(Items listed in a dataset)
++++++++

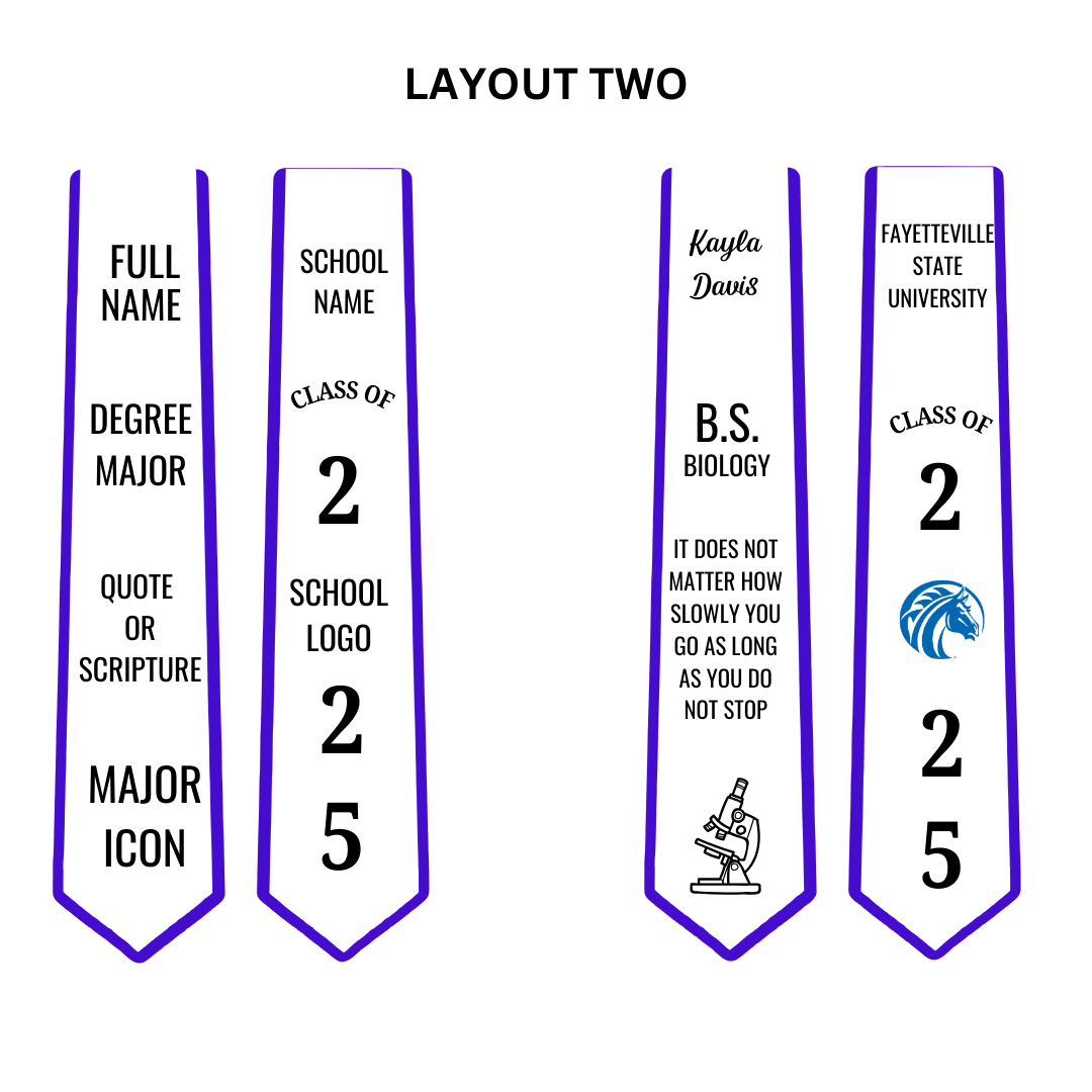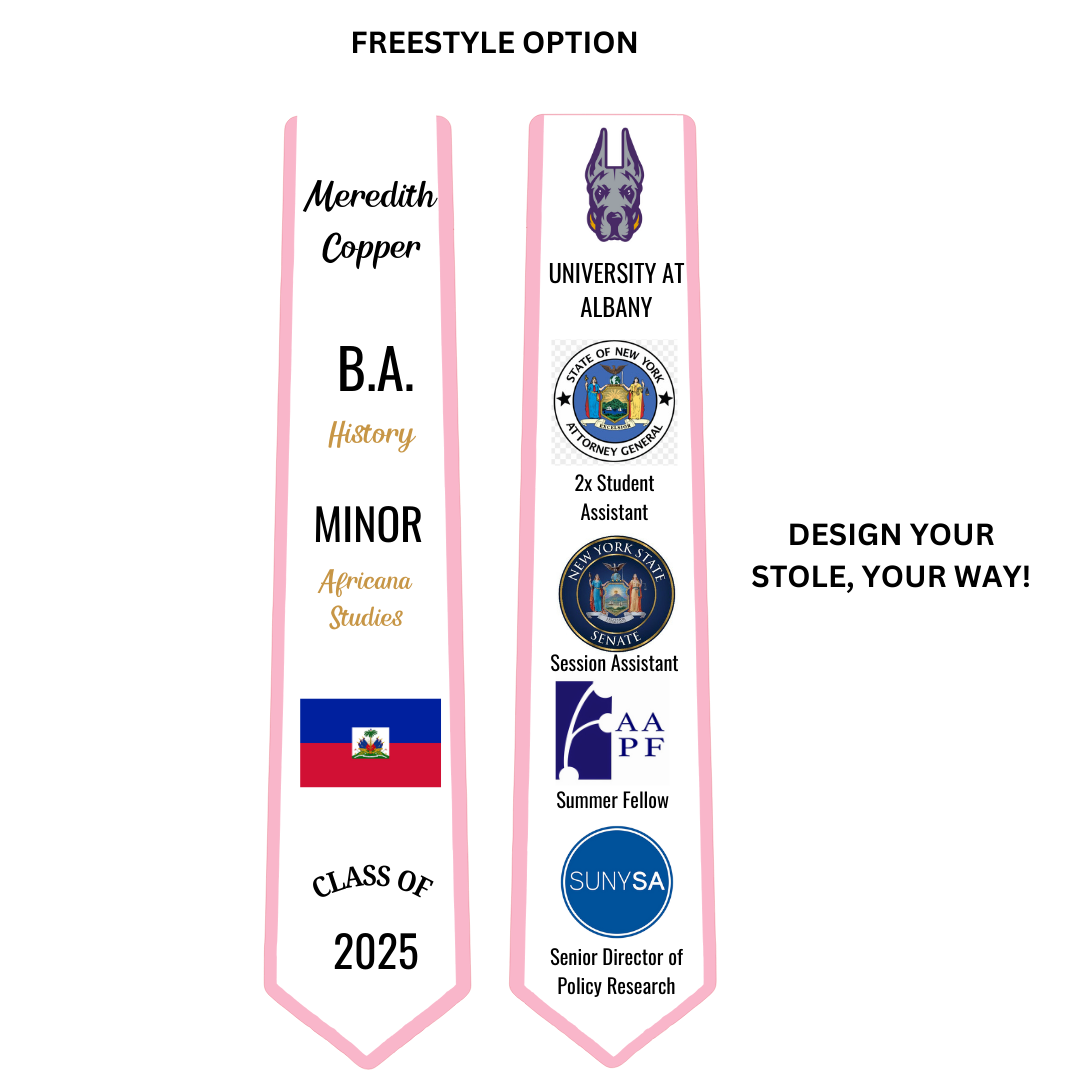 All graduation stoles are custom-designed with intention and care. To begin, please use the customization text box to provide all details for your stole, including:
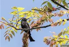黑卷尾是雀形目卷尾科一属,又称铁练甲、铁燕子、铁林哥、羊蹄刺、榨油郎,体长约30厘米全身蓝黑色而具金属光泽,尾长且分叉较深。幼鸟似成鸟,金属光泽弱,下腹部具近白色的横纹。虹膜暗红色,嘴黑色,脚黑色。…全部>>
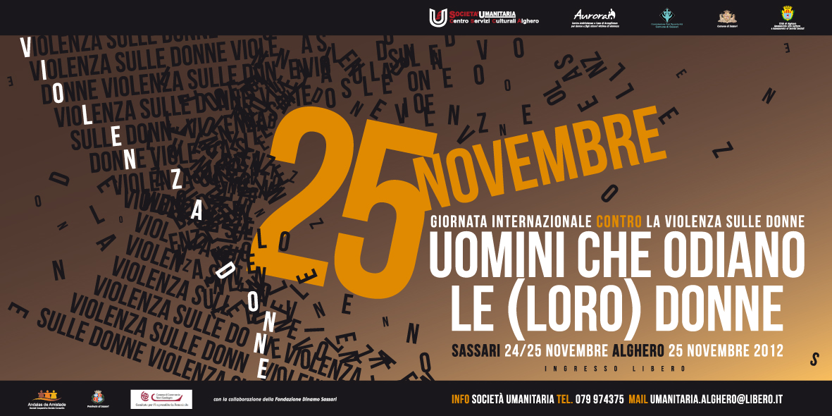 Dal 2007 la Società Umanitaria di Alghero e il Progetto Aurora del Centro Antiviolenza di Sassari ricordano questa Giornata attraverso proiezioni, spettacoli teatrali, presentazioni di libri e convegni. Da quest’anno anche la Commissione per le Pari Opportunità del Comune di Sassari partecipa attivamente alla manifestazione. Così nasce Uomini che odiano le (loro) donne, due giornate tra Sassari e Alghero, focalizzate sul tema della violenza intrafamiliare, promosse con forza da una rete importante di istituzioni pubbliche e private. Riteniamo indispensabile, infatti, proseguire nella costruzione di un modello dinamico di cooperazione culturale che aggreghi le realtà più attente della comunità per tentare di scatenare e interpretare i bisogni del territorio. Per questo abbiamo fortemente voluto al nostro fianco  – prima fra tutti – l’amministrazione comunale che, attraverso l’azione congiunta degli Assessorati alla Cultura e ai Servizi Sociali, guidati dall’assessore Romina Caula, ha sostenuto con convinzione l’intera manifestazione condividendone lo spirito, il senso e l’urgenza. Hanno raccolto lo stesso invito: la Provincia di Sassari, il Consorzio Andalas de Amistade, la  Camera di Commercio Nord Sardegna-Consorzio per l’Imprenditoria Femminile e la Fondazione Dinamo Sassari. Proprio la celebre squadra di basket, domenica 25, prima del fischio d’inizio della partita con il Vanoli Cremona,  ospiterà la performance di Elvira Conconi 108>, azione di sensibilizzazione dedicata alle vittime di violenza del 2012.
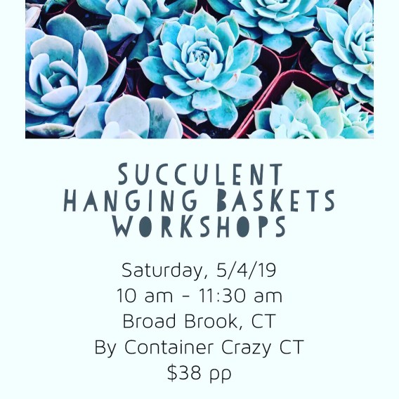 Today, a reminder is being sent your way to let you know there are still seats available for the first of my May Container Gardening Workshops being held this weekend, May 4th, 2019 @ 10 am to 11:30 pm on Succulent Hanging Baskets.
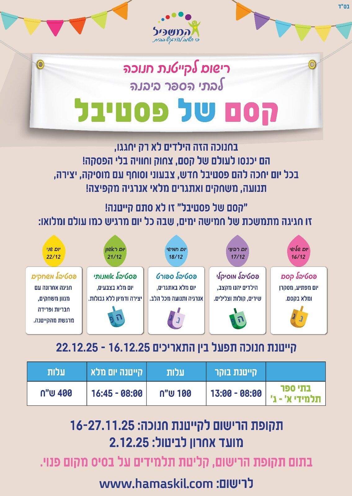 ההרשמה בין התאריכים 16-27.11, בהתאם למפעיל הקייטנה בבית הספר.
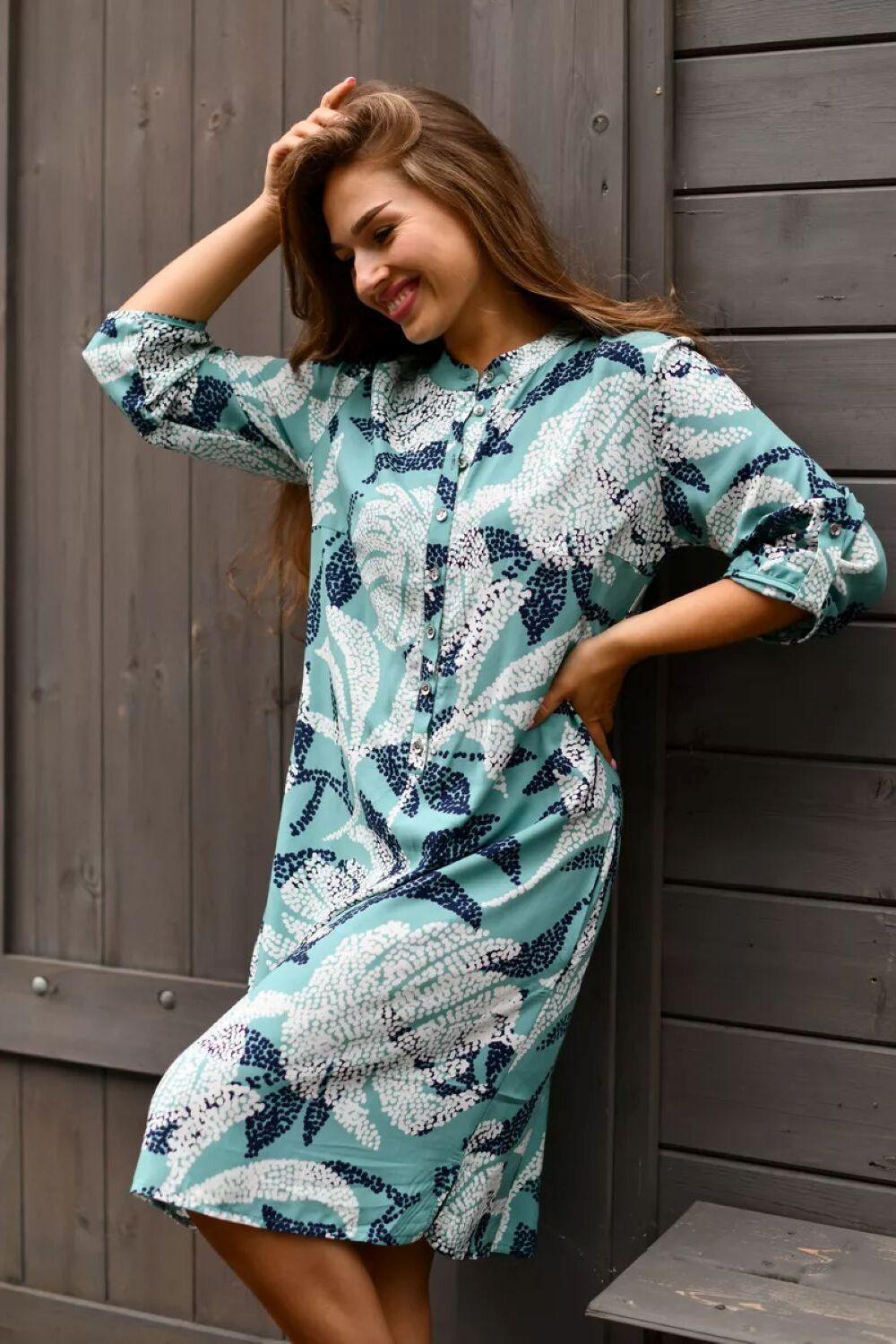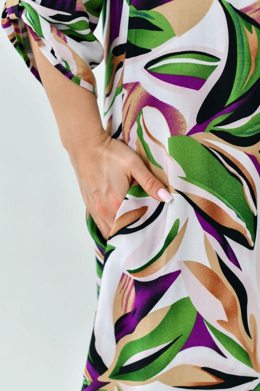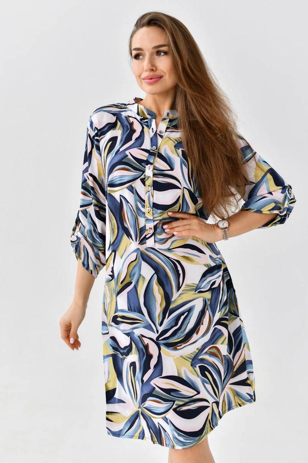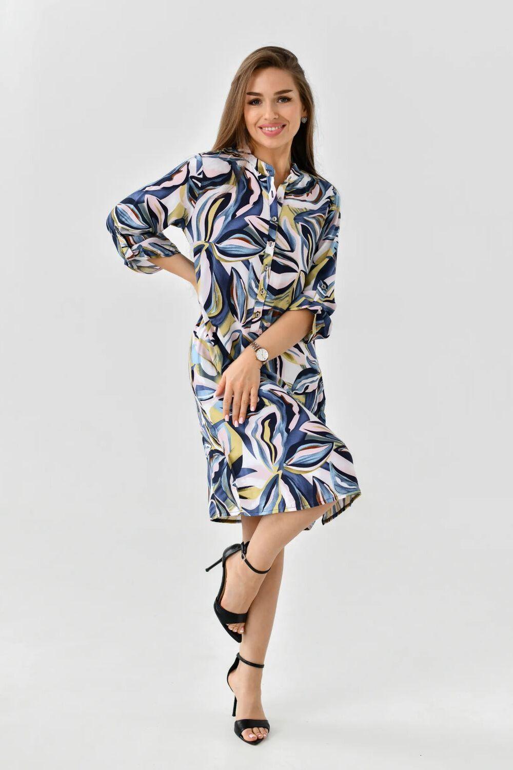 Летнее женское платье – туника от ивановского бренда Batistcorp (Батист). Платье Тропиканка прямого силуэта длинною чуть выше колена имеет снизу небольшие боковые разрезы для красоты и удобства. Оно невероятно универсальное и практичное. Идеально подходит для летней жары, а также для повседневной носки, встреч с подругами или, в некоторых случаях, даже для офиса. Горловина оформлена планкой с застёжкой на петли - пуговицы и стойкой. Рукава длинною 3/4 с регулировкой длины с помощью платы и петли-пуговицы. Вискозное платье-рубашка легкое и воздушное. Идеально подойдет на лето, в нем будет комфортно в жаркий летний день. Вискоза (штапель) – натуральная ткань растительного происхождения, приятная и мягкая на ощупь. Самое главное – это подобрать платье под свой стиль и фигуру. Молодежное модное платье миди (длина чуть выше колена) свободного кроя с укороченными рукавами длиной до середины предплечья подойдет для женщин разного возраста и размера. Скроет недостатки и подчеркнет достоинства. В глубокие карманы на боковых швах можно легко положить маленькие ценные вещи - телефон, ключи или помаду. Представлен широкий размерный ряд. Теплые светлые цвета, нежный цветочный принт, яркий дизайн – замечательный подарок для друзей и родных. Необычное платье рубашка в пляжном стиле. Подойдет как для юной девочки, так и для женщины в элегантном возрасте. Подарите маме, сестре, дочке - подростку, подруге, племяннице. Отлично сядет на худых, на полных дам, а также на беременных. Прекрасное поздравление с окончанием учебного года, с достижением важной цели, с днем рождения или даже без повода. Путешествуйте и проводите время дома, отдыхайте на даче или занимайтесь любимым хобби в городе, наше платье – универсальная одежда, которая подойдет для большинства случаев.

++++++++

» **EXERCISE**:
What is needed is a word-for-word copy of the data, minus its pictures.

» **SOLUTION TO THE PROBLEM**:
 All graduation stoles are custom-designed with intention and care. To begin, please use the customization text box to provide all details for your stole, including:
黑卷尾是雀形目卷尾科一属,又称铁练甲、铁燕子、铁林哥、羊蹄刺、榨油郎,体长约30厘米全身蓝黑色而具金属光泽,尾长且分叉较深。幼鸟似成鸟,金属光泽弱,下腹部具近白色的横纹。虹膜暗红色,嘴黑色,脚黑色。…全部>>
 Dal 2007 la Società Umanitaria di Alghero e il Progetto Aurora del Centro Antiviolenza di Sassari ricordano questa Giornata attraverso proiezioni, spettacoli teatrali, presentazioni di libri e convegni. Da quest’anno anche la Commissione per le Pari Opportunità del Comune di Sassari partecipa attivamente alla manifestazione. Così nasce Uomini che odiano le (loro) donne, due giornate tra Sassari e Alghero, focalizzate sul tema della violenza intrafamiliare, promosse con forza da una rete importante di istituzioni pubbliche e private. Riteniamo indispensabile, infatti, proseguire nella costruzione di un modello dinamico di cooperazione culturale che aggreghi le realtà più attente della comunità per tentare di scatenare e interpretare i bisogni del territorio. Per questo abbiamo fortemente voluto al nostro fianco  – prima fra tutti – l’amministrazione comunale che, attraverso l’azione congiunta degli Assessorati alla Cultura e ai Servizi Sociali, guidati dall’assessore Romina Caula, ha sostenuto con convinzione l’intera manifestazione condividendone lo spirito, il senso e l’urgenza. Hanno raccolto lo stesso invito: la Provincia di Sassari, il Consorzio Andalas de Amistade, la  Camera di Commercio Nord Sardegna-Consorzio per l’Imprenditoria Femminile e la Fondazione Dinamo Sassari. Proprio la celebre squadra di basket, domenica 25, prima del fischio d’inizio della partita con il Vanoli Cremona,  ospiterà la performance di Elvira Conconi 108>, azione di sensibilizzazione dedicata alle vittime di violenza del 2012.
 Today, a reminder is being sent your way to let you know there are still seats available for the first of my May Container Gardening Workshops being held this weekend, May 4th, 2019 @ 10 am to 11:30 pm on Succulent Hanging Baskets.
 ההרשמה בין התאריכים 16-27.11, בהתאם למפעיל הקייטנה בבית הספר.
 Летнее женское платье – туника от ивановского бренда Batistcorp (Батист). Платье Тропиканка прямого силуэта длинною чуть выше колена имеет снизу небольшие боковые разрезы для красоты и удобства. Оно невероятно универсальное и практичное. Идеально подходит для летней жары, а также для повседневной носки, встреч с подругами или, в некоторых случаях, даже для офиса. Горловина оформлена планкой с застёжкой на петли - пуговицы и стойкой. Рукава длинною 3/4 с регулировкой длины с помощью платы и петли-пуговицы. Вискозное платье-рубашка легкое и воздушное. Идеально подойдет на лето, в нем будет комфортно в жаркий летний день. Вискоза (штапель) – натуральная ткань растительного происхождения, приятная и мягкая на ощупь. Самое главное – это подобрать платье под свой стиль и фигуру. Молодежное модное платье миди (длина чуть выше колена) свободного кроя с укороченными рукавами длиной до середины предплечья подойдет для женщин разного возраста и размера. Скроет недостатки и подчеркнет достоинства. В глубокие карманы на боковых швах можно легко положить маленькие ценные вещи - телефон, ключи или помаду. Представлен широкий размерный ряд. Теплые светлые цвета, нежный цветочный принт, яркий дизайн – замечательный подарок для друзей и родных. Необычное платье рубашка в пляжном стиле. Подойдет как для юной девочки, так и для женщины в элегантном возрасте. Подарите маме, сестре, дочке - подростку, подруге, племяннице. Отлично сядет на худых, на полных дам, а также на беременных. Прекрасное поздравление с окончанием учебного года, с достижением важной цели, с днем рождения или даже без повода. Путешествуйте и проводите время дома, отдыхайте на даче или занимайтесь любимым хобби в городе, наше платье – универсальная одежда, которая подойдет для большинства случаев.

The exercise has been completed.